■ **Work to be completed**
Once you reach the line with "Dieser edle Treteimer" in the material below, copy each line exactly up to and including the line with "Every pot is", and skip the pictures.

■ **Dataset extract**
○ ○ ○
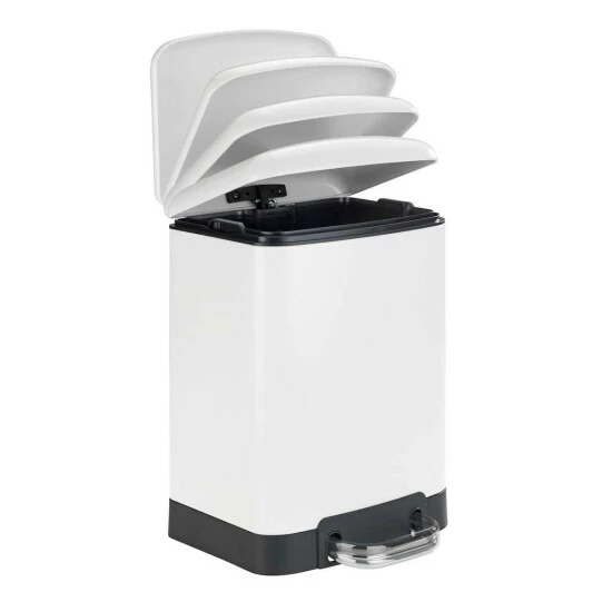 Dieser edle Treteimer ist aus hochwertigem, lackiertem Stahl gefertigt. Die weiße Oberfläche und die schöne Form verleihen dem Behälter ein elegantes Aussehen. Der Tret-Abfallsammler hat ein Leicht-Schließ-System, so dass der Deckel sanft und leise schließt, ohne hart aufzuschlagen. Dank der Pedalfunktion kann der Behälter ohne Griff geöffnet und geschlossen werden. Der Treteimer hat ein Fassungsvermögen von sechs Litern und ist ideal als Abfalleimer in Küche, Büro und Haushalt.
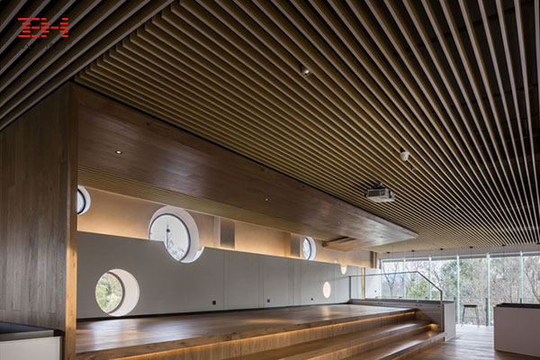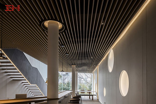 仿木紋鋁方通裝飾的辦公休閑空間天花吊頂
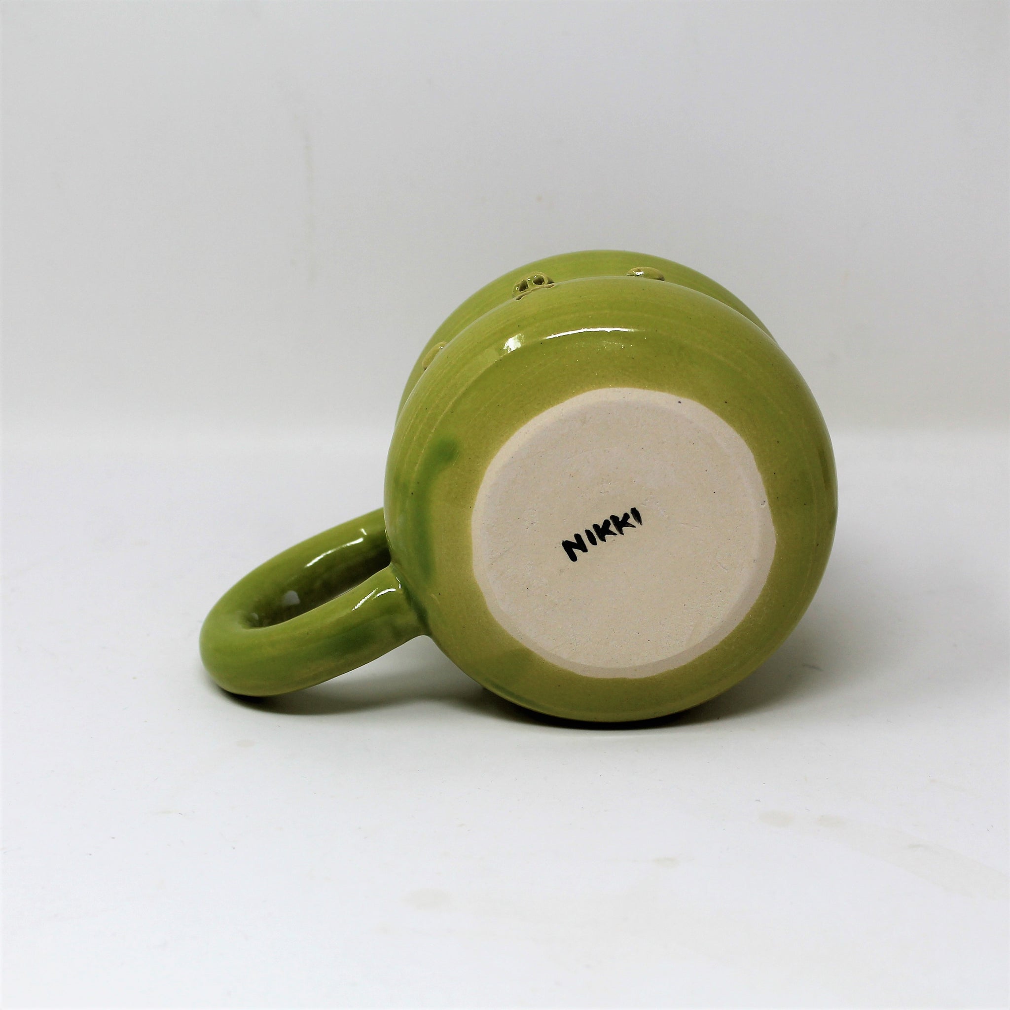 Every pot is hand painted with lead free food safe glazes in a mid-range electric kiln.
○ ○ ○
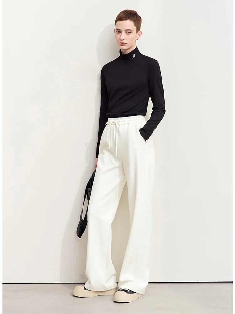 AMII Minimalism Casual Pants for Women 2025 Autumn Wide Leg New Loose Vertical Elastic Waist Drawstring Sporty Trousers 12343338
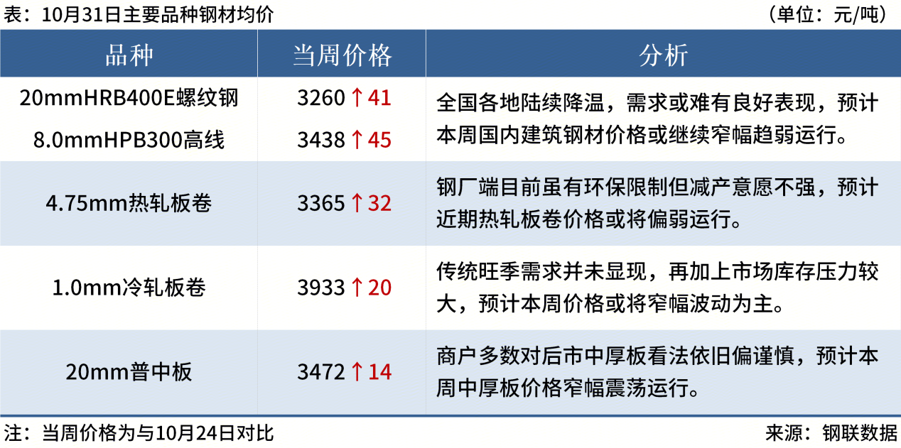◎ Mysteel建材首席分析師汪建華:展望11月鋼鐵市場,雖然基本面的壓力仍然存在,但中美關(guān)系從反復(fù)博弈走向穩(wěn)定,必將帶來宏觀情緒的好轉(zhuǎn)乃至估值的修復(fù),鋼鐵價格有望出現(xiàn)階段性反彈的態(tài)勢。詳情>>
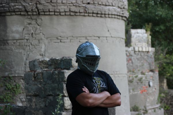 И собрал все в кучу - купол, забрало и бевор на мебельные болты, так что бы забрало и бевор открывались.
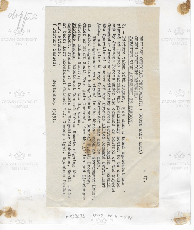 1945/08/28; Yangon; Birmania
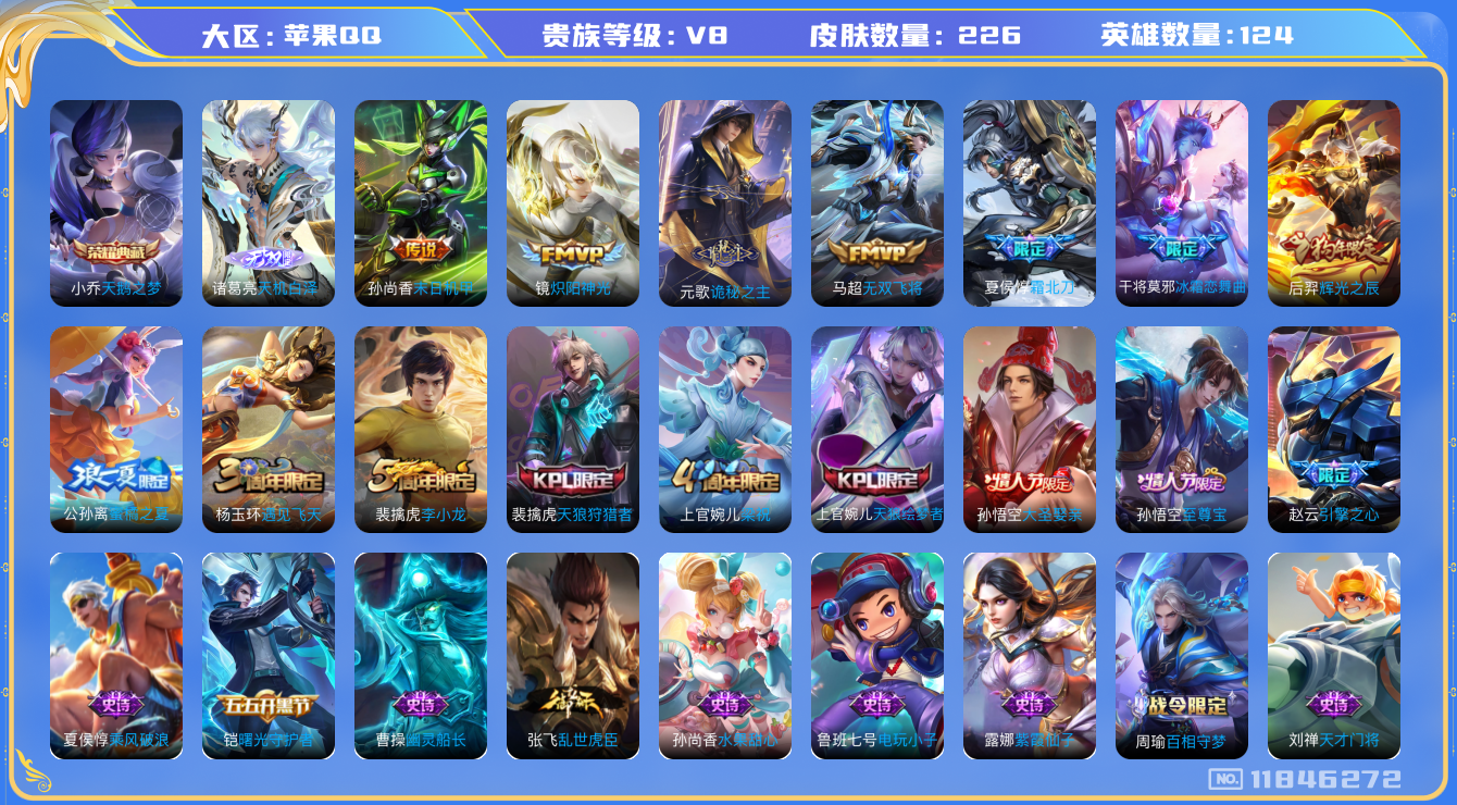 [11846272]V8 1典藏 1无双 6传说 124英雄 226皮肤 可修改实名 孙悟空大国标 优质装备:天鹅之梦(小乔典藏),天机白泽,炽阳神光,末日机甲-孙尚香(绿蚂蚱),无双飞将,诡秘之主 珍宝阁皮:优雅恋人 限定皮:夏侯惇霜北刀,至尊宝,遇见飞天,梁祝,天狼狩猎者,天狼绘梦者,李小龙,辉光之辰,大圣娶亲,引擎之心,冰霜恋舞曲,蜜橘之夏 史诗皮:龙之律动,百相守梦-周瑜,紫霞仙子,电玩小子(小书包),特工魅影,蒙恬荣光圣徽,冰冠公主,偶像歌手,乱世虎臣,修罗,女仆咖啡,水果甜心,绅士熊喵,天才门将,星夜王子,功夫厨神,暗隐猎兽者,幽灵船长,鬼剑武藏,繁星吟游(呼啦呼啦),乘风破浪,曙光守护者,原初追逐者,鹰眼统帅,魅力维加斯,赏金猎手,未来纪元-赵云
○ ○ ○
■ **Solved problem**
 Dieser edle Treteimer ist aus hochwertigem, lackiertem Stahl gefertigt. Die weiße Oberfläche und die schöne Form verleihen dem Behälter ein elegantes Aussehen. Der Tret-Abfallsammler hat ein Leicht-Schließ-System, so dass der Deckel sanft und leise schließt, ohne hart aufzuschlagen. Dank der Pedalfunktion kann der Behälter ohne Griff geöffnet und geschlossen werden. Der Treteimer hat ein Fassungsvermögen von sechs Litern und ist ideal als Abfalleimer in Küche, Büro und Haushalt.
 仿木紋鋁方通裝飾的辦公休閑空間天花吊頂
 Every pot is hand painted with lead free food safe glazes in a mid-range electric kiln.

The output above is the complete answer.